Democratic Wave Watch: Post-Alabama Edition


The data just keep accumulating. The Democratic wave that seemed like a desperate hope in the aftermath of the 2016 election gathers at the horizon and becomes ever clearer. Here are some thoughts from various astute political observers:

1. Ron Brownstein, The Atlantic:
Jones beat Moore with a strong turnout and a crushing lead among African Americans, a decisive advantage among younger voters, and major gains among college-educated and suburban whites, especially women. That allowed Jones to overcome big margins for Moore among the key elements of Trump’s coalition: older, blue-collar, evangelical, and nonurban white voters.
This was the same equation that powered the Democratic victories in the Virginia and New Jersey governors’ races. The consistency of these results suggests that Democrats are coalescing a powerful coalition of the very voters that polls have shown are the most disenchanted, even disgusted, by Trump’s performance and behavior as president….
“Anti-Trump fever is now so strong among Democrats, young voters, and independents that the GOP is likely to face a surge in turnout on the Democratic side that will make the 2018 midterms lurch toward the demographics of a presidential year,” says longtime GOP strategist Mike Murphy, who advised Attorney General Jeff Sessions when he first won his Alabama Senate seat, in 1996. “That is a looming disaster that could well cost the GOP control of the House. We are in a Trump-driven worst-case situation now.”
2. Harry Enten, 538
The cycle that looks most like this one is 2006, when Democrats gained 30 seats and control of the House from the Republicans3 thanks to a hefty win in the popular vote across all House races. In 2018, they need 24 seats to win back control of the lower chamber. The difference between the average swing in special federal elections and the margin of the national vote for the House has averaged just 3 percentage points since 1994. It has never differed by more than 7 points. So even if Democrats do 7 points worse in the national House vote than the average swing so far suggests, they’d still win the national House vote by 9 points, which would likely mean that theyreclaim a House majority next year.
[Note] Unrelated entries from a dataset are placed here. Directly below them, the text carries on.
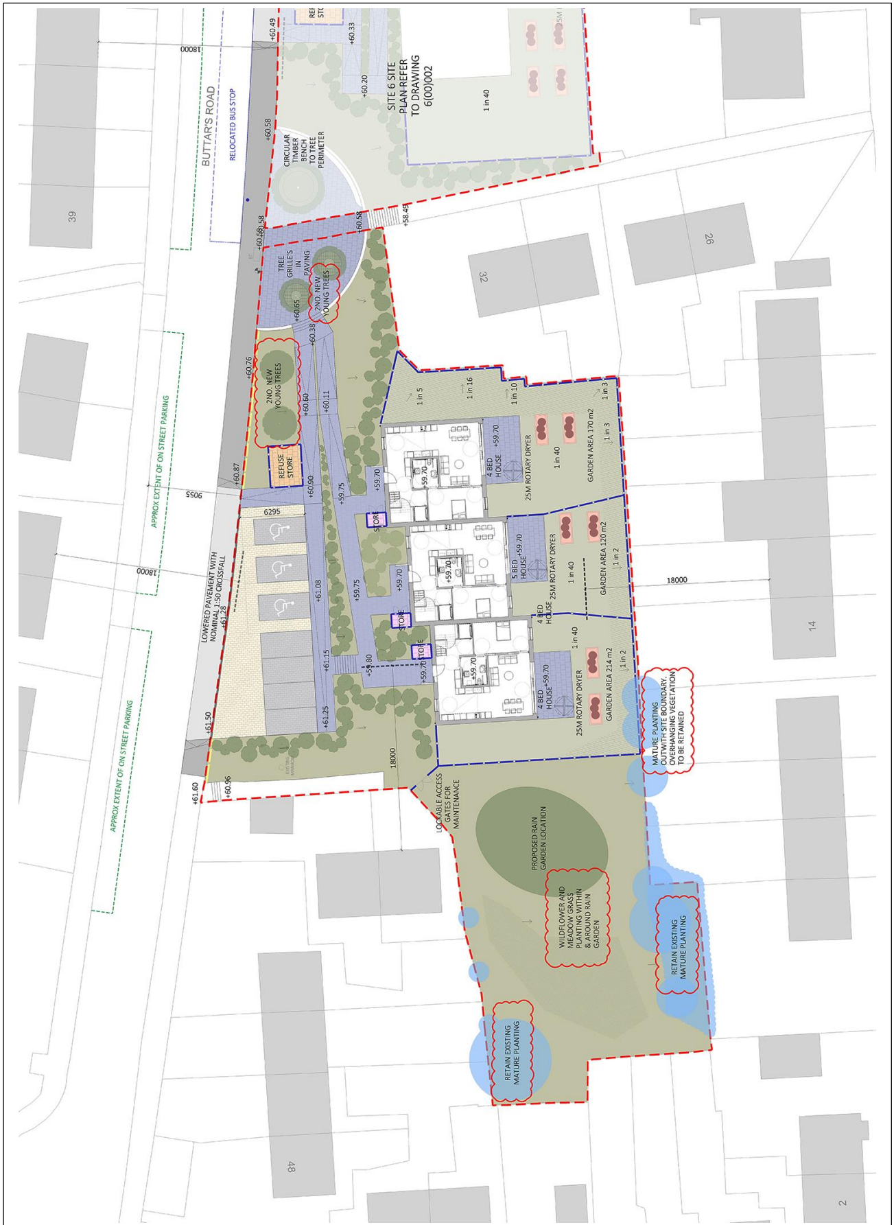
Figure 1: Site 5 - Proposed Site Plan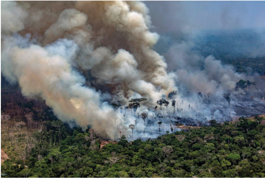
Figure 1: The Amazon as a whole is increasingly deteriorating at the hands of anthropogenically caused wildfires, though the volume of carbon emissions is greater in the eastern region of the forest than the west.

Before human impact on the planet dramatically shifted planetary systems away from energy equilibrium, every forest consumed more carbon dioxide than it emitted. Trees are universally associated with photosynthesis, held in high esteem for “breathing” the air we can’t in order to produce a livable environment for land animals. The conversion of CO 2 to oxygen was, after all, needed in order for complex life to develop in the first place. However, in the anthropocene, the new geological era in which human actions have a distinct impact on environmental cycles, Earth is becoming an unlivable environment for trees. 1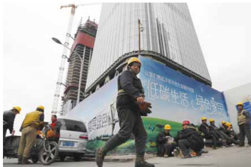
BEIJING: In this Dec 13, 2016 photo, workers buy their lunch outside a construction site at the Central Business District in Beijing. China's economic growth accelerated slightly in the final quarter of 2016 but its full-year performance still was the weakest in nearly three decades.

China's sluggish exports could also come under fresh pressure if US President-elect Donald Trump follows through on pledges to impose tough protectionist measures. "Relations with a Trump administration is the biggest known unknown. Trump advisers and cabinet-nominees have identified the US-China relationship as in need of adjustment to support the president-elect's objective of a manufacturing renaissance," said Condon. — Reuters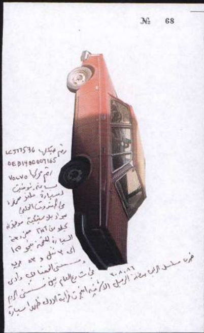
Plate 68 Volvo Brown March 8, 1986 13:00 8 injured 3 killed 53 injured 25 kg. of TNT

Plate 69 Renault 5 White March 25, 1986 13:04 8 killed 53 injured 25 kg. of TNT Hexogen 0.4 m. x 0.8 to 1.25 m. crater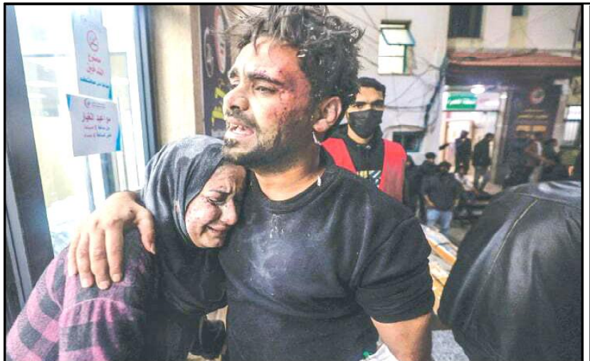
RAFAH: An injured Palestinian man comforts a relative outside the Kuwait hospital, in the southern Gaza Strip, following an Israeli army strike that left at least 20 dead and 55 wounded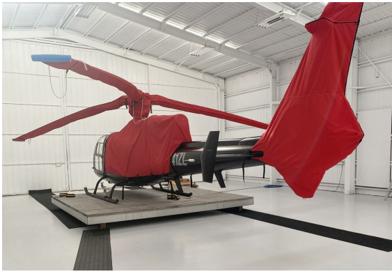
Aerospatiale Gazelle Engine, Rotor Hub, Blades & Tailfan Covers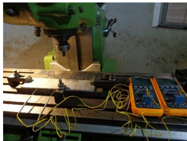
Fig. 2 Vertical Milling Machine

The plates were welded in single pass, normal to the rolling direction, with square-butt joint configuration employing vertical milling machine (Make: G. DufourMontrenil) shown in fig 1.2.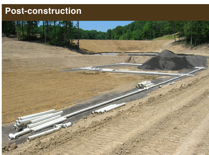
Steel slag bed downstream Lake Milton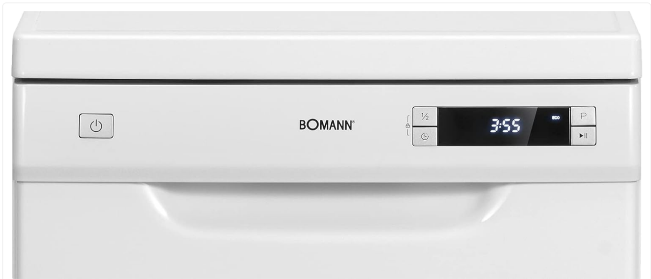
Figure 2: Close-up of the control panel with LED display, power button, program selection, and delay start options.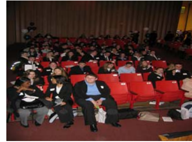
PV members at the Region 21 RLC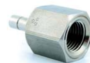
Tube Female Adaptor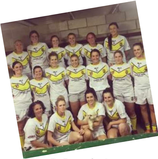
The Eugowra Geagles

With the winter months comes the winter sports. And sport is alive and 'kicking' for our young and young at heart. Here are some of our locals during their weekend sport. On the weekend of 23/24th the Geagles won 46 - 0 and the Eagles won 32 - 12 over Cargo. Under 19's had a bye. The little ones were at Soccer & Netball in Forbes and Footy in Canowindra. Love your sport!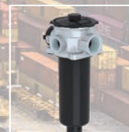
FR6 TANK TOP RETURN FILTER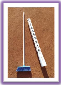
New Brooms & Score Tubes

Indeed, the special election results so far this year are merely another indication of the GOP’s precarious position. President Trump’s approval rating is below 40 percent and Democrats hold an 11-percentage-point lead on the generic congressional ballot.
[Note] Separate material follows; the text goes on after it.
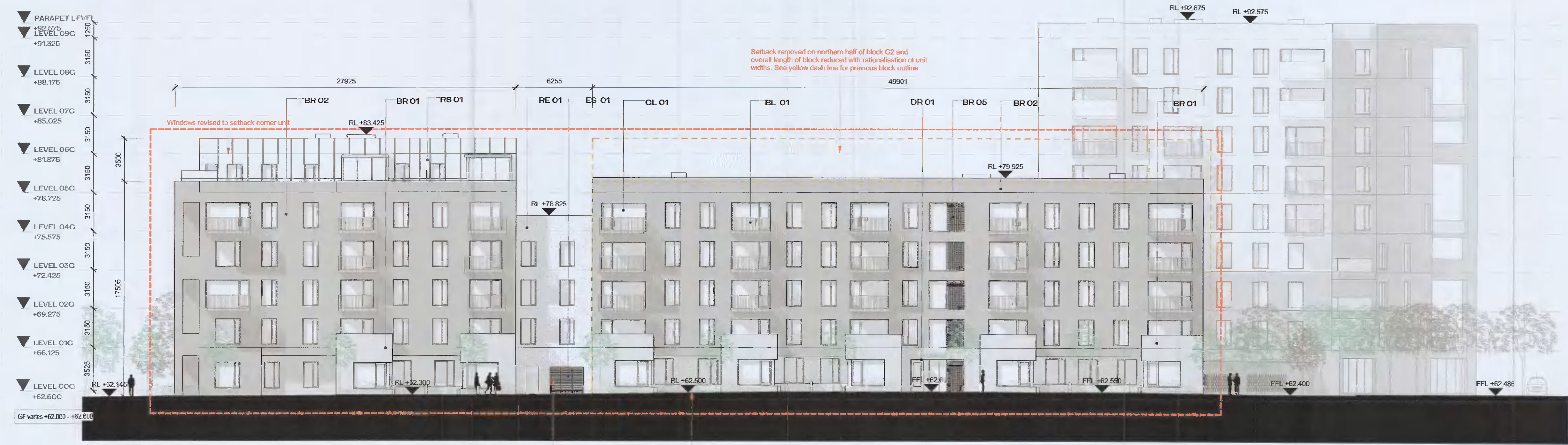
1 GA - ELEVATION - EAST - G2 1 : 200

H.L. Drawing Number on previously lodged planning application (SDZ21A/0007) ADC-HJL-G-ZZ-DR-A-2012 Revision (P02)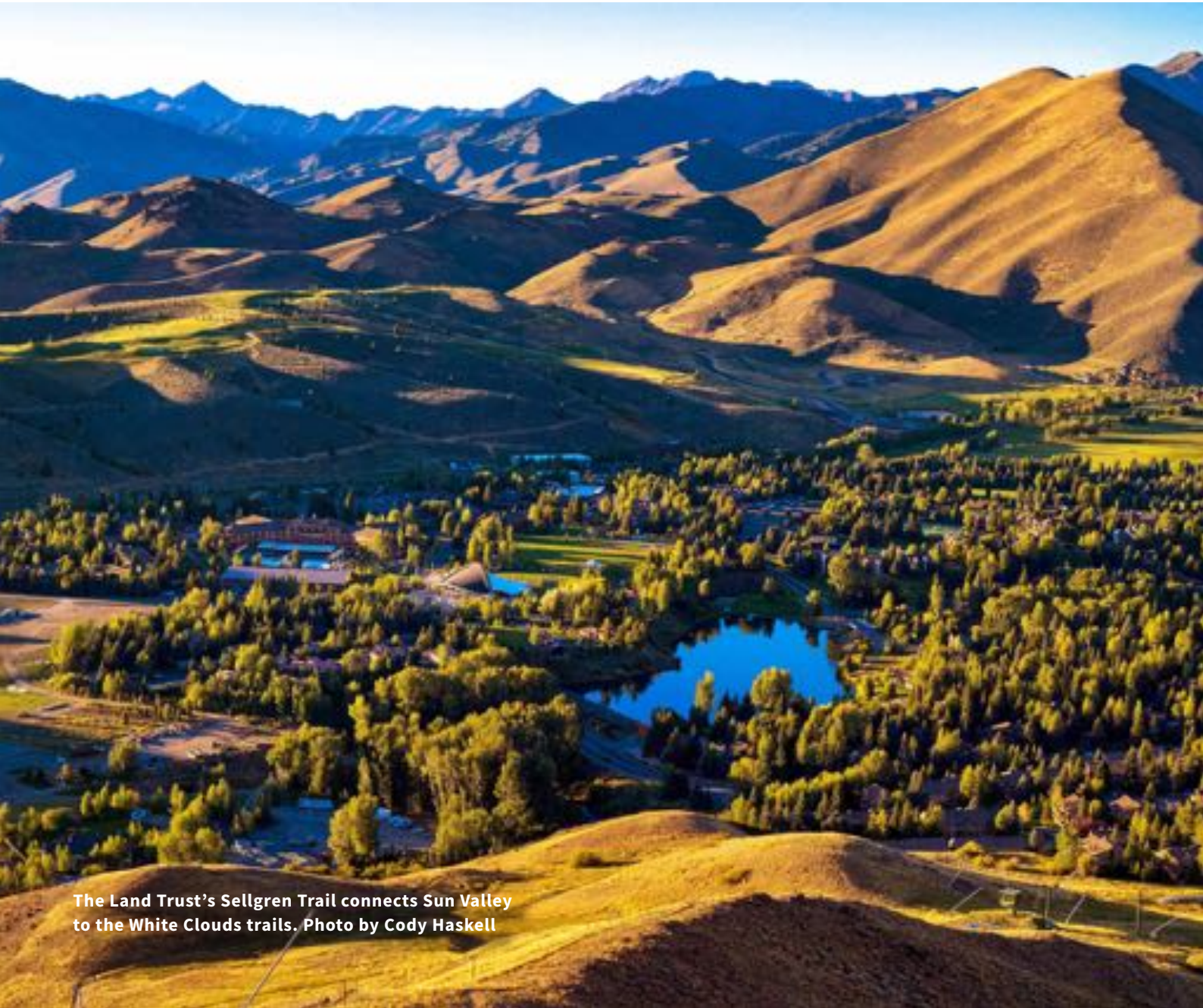
The Land Trust's Sellgren Trail connects Sun Valley to the White Clouds trails.

We’re still nearly a year from the 2018 midterms. That’s enough time for things to shift. Maybe Trump will grow more popular, for example. But historically, the environment doesn’t change much between this point in an election cycle and the midterms. So if you’re a Democrat, Tuesday’s Alabama result is just the latest special election sign that things are looking up heading into 2018.
3. Nate Cohn, New York Times:  
Over the last eight years, political analysts had come to think that Democrats were at a distinct disadvantage in midterm elections, since their younger and nonwhite coalition was less likely to turn out than older and white voters.
It is time to retire that notion. Tuesday in Alabama, Democrats benefited from strong turnout that plainly exceeded midterm levels, while white working-class Republicans voted in weaker numbers. It was enough to send Doug Jones to the Senate instead of Roy Moore, in one of the reddest states in the country.
This has been a pattern in all of this year’s major special elections, as well as in the Virginia general election. It is consistent with a long-term trend toward stronger turnout by the party out of power in off-year elections. It also suggests that President Trump’s less educated and affluent version of the Republican coalition has eroded the party’s traditional turnout advantage.
It's increasingly looking like the real question is not whether there will be a Democratic wave, but how big that Democratic wave will be. That's a happy thought, perhaps enough to put a spring in your step in what has been a dark time.